Against this background, we aimed to describe the demographics, drug treatment patterns, outcomes and costs of patients with CTEPH treated under everyday practice conditions in six European countries.


Design and organisation

This present study was a retrospective chart review in 21 specialist centres in six countries: France (3 centres), Spain (4), Italy (4), UK (3), Sweden (1), and Germany (3). Data from consecutive patients were collected at each site for a maximum of up to 39 months after the initiation visit within the observation period between July 2006 and September 2009. The ethics review boards of each centre approved data collection, and data protection rules were closely observed (see Additional file 1 for a complete list of the involved ethic commissions and review boards). Patients were eligible for inclusion, if they were at least 18 years old, had a confirmed diagnosis of CTEPH (Group 4 according to Dana Point 2008 criteria), were in NYHA class II to IV, treated with monotherapy or combination therapy with endothelin receptor antagonists (ERA), prostacyclin analogues (PA) or phosphodiesterase-5 (PDE-5) inhibitors. The only exclusion criterion was HIV.
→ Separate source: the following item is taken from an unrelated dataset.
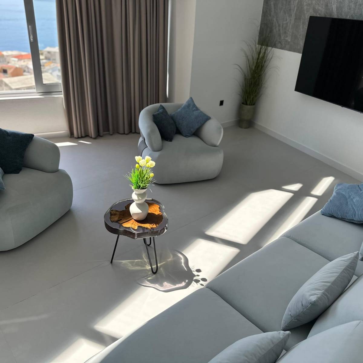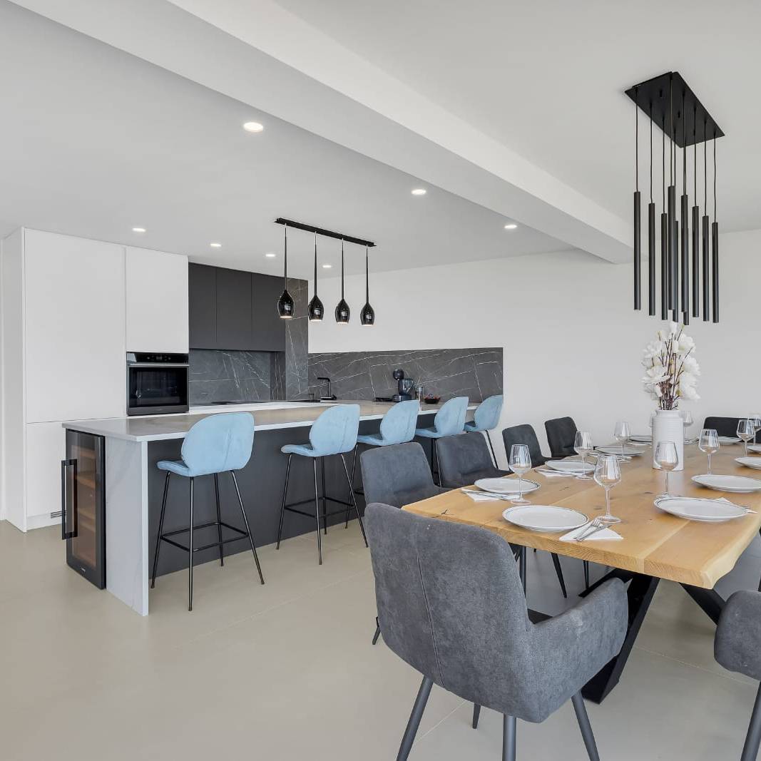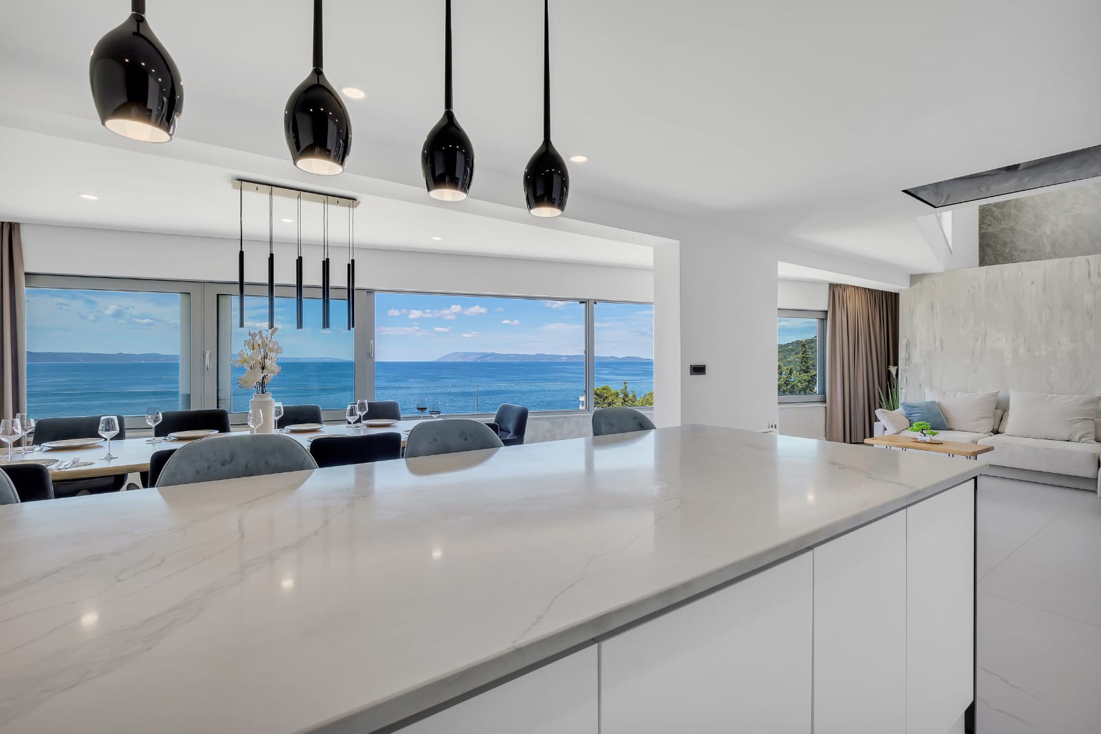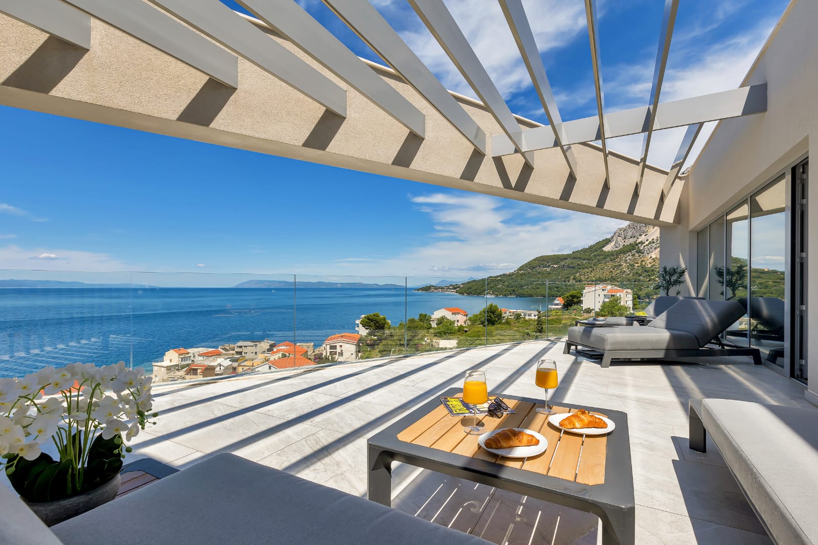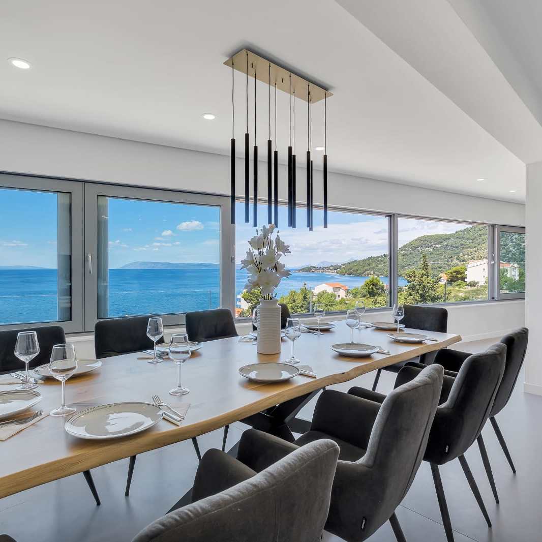 The penthouse boasts a stunning view and a terrace featuring a jacuzzi, offering a breathtaking view of the Adriatic Sea and the Makarska Riviera.

Written informed consent was obtained from the patients according to local regulations and in line with the recommendation of the responsible ethic committees and review boards.

Patient variables

Information was collected on demographics (age, gender, employment status etc.), diagnostic information (type of CTEPH with differentiation between inoperable or operated patients with persisting and recurrent PH after PEA; time since first diagnosis), clinical data (New York Heart Association [NYHA] class, 6-minute walk distance, Borg dyspnoea index), hemodynamic and lung function (pulmonary artery pressure, pulmonary capillary wedge pressure, pulmonary vascular resistance, right atrial pressure, cardiac index, respiratory capacity), comorbidities and risk factors (smoking, alcohol consumption etc.). Detailed information was collected on treatments focussing on PH drugs, i.e. the endothelin receptor antagonists (ERA) ambrisentan, bosentan, and sitaxentan, the PDE-5 inhibitors sildenafil and tadalafil, or prostacyclines. Dosages were recorded. Further, co-medication with calcium channel blockers, diuretics and digoxin were recorded at the class level. With respect to outcomes, the following events were recorded: lung or heart lung transplantation, atrial septostomy, PEA, hospitalisation, ambulatory/outpatient centre visits, examinations and procedures, and other health care services.

Data collection

Data were extracted from patient files by staff members of the individual sites according to guidelines provided for this procedure. Standardized case report forms were used. Data were entered into the database at a central site, and checked for plausibility and completeness. In case of missing data or queries, sites were contacted to resolve the issues. No on-site monitoring was performed.

Statistical analysis

Due to the nature of the study and the small patient population, all statistical analyses were exploratory and used in a descriptive manner. Incidence rates, time to first event and standard deviations were provided for discrete variables. Means per year of follow-up and standard deviations were presented for continuous variables. For survival analysis, Kaplan-Meier estimates were used. Resource utilization was valued using country-specific unit costs.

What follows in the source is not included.